本当なら、40歳の誕生日を迎えるこの日、
私は、ニューヨークにいるはずだった。
そのために準備してきたし、仕事の調整も1年以上前から事務所にお願いしていたくらいだ。
しかし、コロナという情勢で私の計画は全て台無しになってしまった。
私の40歳を何か特別な形で迎えようと思っていたのに。
初の海外一人旅にも挑戦しようと思っていたのに。
不可抗力の出来事なので、仕方ないと自分に言い聞かせつつも、
初めて「自分でイチから決めたことがうまくいかなかった」ことに、
若干イライラもしていたりしたのだ。
まったく、私はなんとめんどくさい人間なのか。
このお仕事をやめるとという選択肢の浮上。
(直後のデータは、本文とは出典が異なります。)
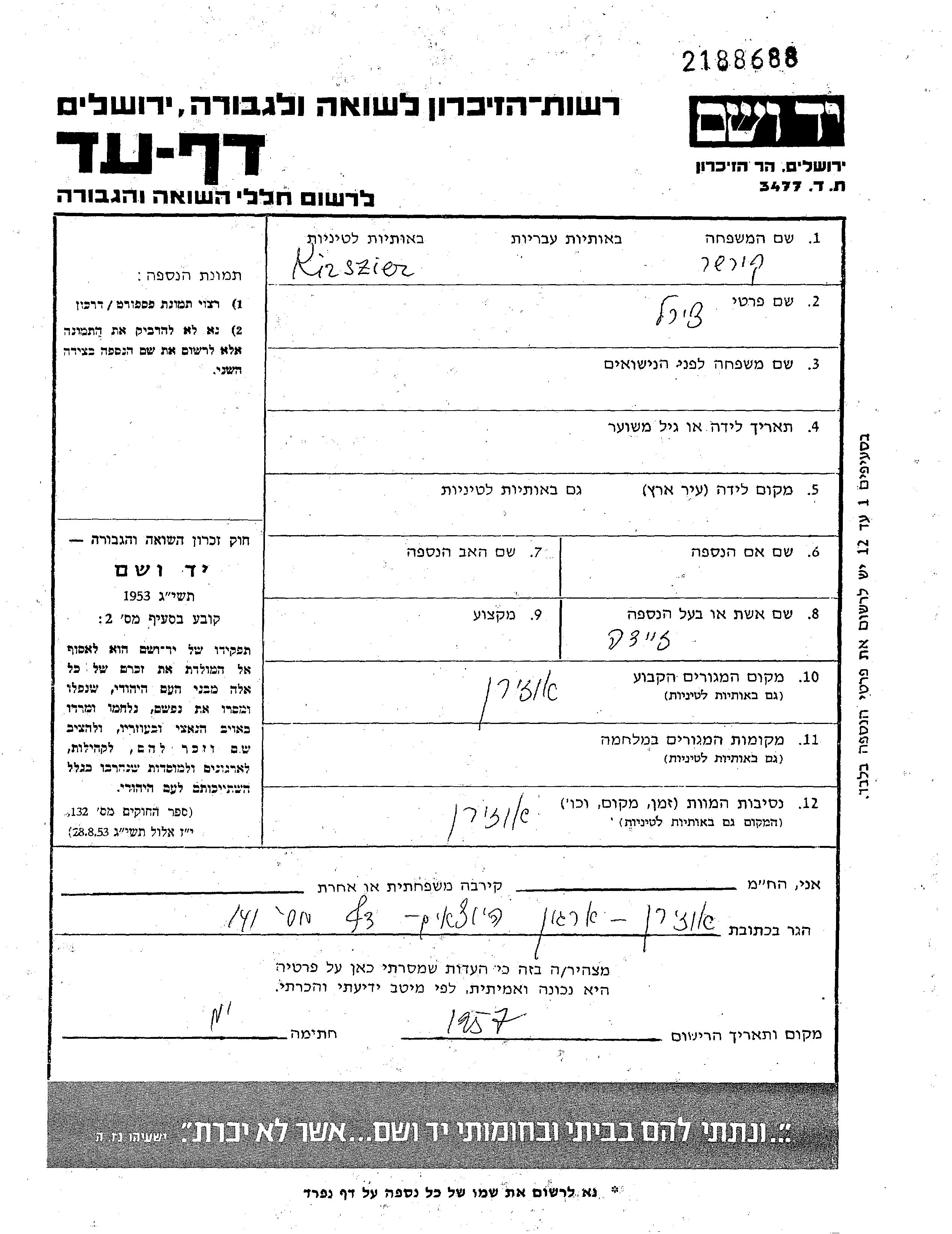 Kirszier Цирель Озеряны, Польша Лист свидетельских показаний

迷うことが格段に増えた。
もちろんお仕事は自分のペースでやらせていただいているのだけど、
どうも昔ほど前のめりになれない自分も存在している。
昔は「一生、役者」ってかっこいいと思っていたけど、
最近は割とそうでもない。
ふとした時に、
「あ、やめようかな」という考えが頭をよぎる。
っていうことを誕生日前々日にリアルに書いていたのだけど、
さっきオーディションに通った連絡がきた。
ほら、まただ。
もう何度目なんだ。
まだ私はこのお仕事をやめられない。
私は人に何かできるんじゃないかと思っていた。
でも、それは大きな勘違いだった。
40歳である。
実は、私がアニーに出演した時の母親の年齢が40歳だった。
今思えば、私の母はなんて勇敢な人だったのだろうと思う。
ど田舎の奈良からいきなり東京に行くってどんな勇気なのか。
しかも娘と二人だけで上京するとか。
今の私に、そのくらいのことができる勇気があるだろうか。
ない、確実にない。
私は大きな勘違いをしたまま生きてきたような気がする。
自分の持っている「潜在的に持っている能力みたいな何か」で、
世界を変えたり、人を変えたりできるんじゃないかって思っていた。
だけど、世界はさほど変わらなかったし、人を変えることはできないと、
自分自身が変わることしかできないのだと、
ようやくこの年齢になって実感してきた、
むしろ、思い知らされたというべきか。
遅いだろ。
何も出来ないけれど、人に見せられる唯一の力は「這い上がる力」
私は、どうやら諦めが悪い。
現実的な思考ももちろん持ち合わせているとは思うのだけど、
最後の0.1%まで何かやろうとはしている気がする。
自分の中に「その姿」がイメージとして見える限りは。
体調も、精神も、完全に万全というわけではない。
季節の変わり目は起き上がれないし、
低気圧ですぐに頭痛にもなる。
だけど、伝えたいことが少しだけある。
私の声で、
私の歌で、
表現できるものなんて、些細だけど。
嫌だなんて思ったことはないから、
結局続けられているのは、好きだからなんだと思う。
私を愛してくれているすべての人に、
今年も変わらぬ感謝と心からの愛を。
これからもどうか愛してください。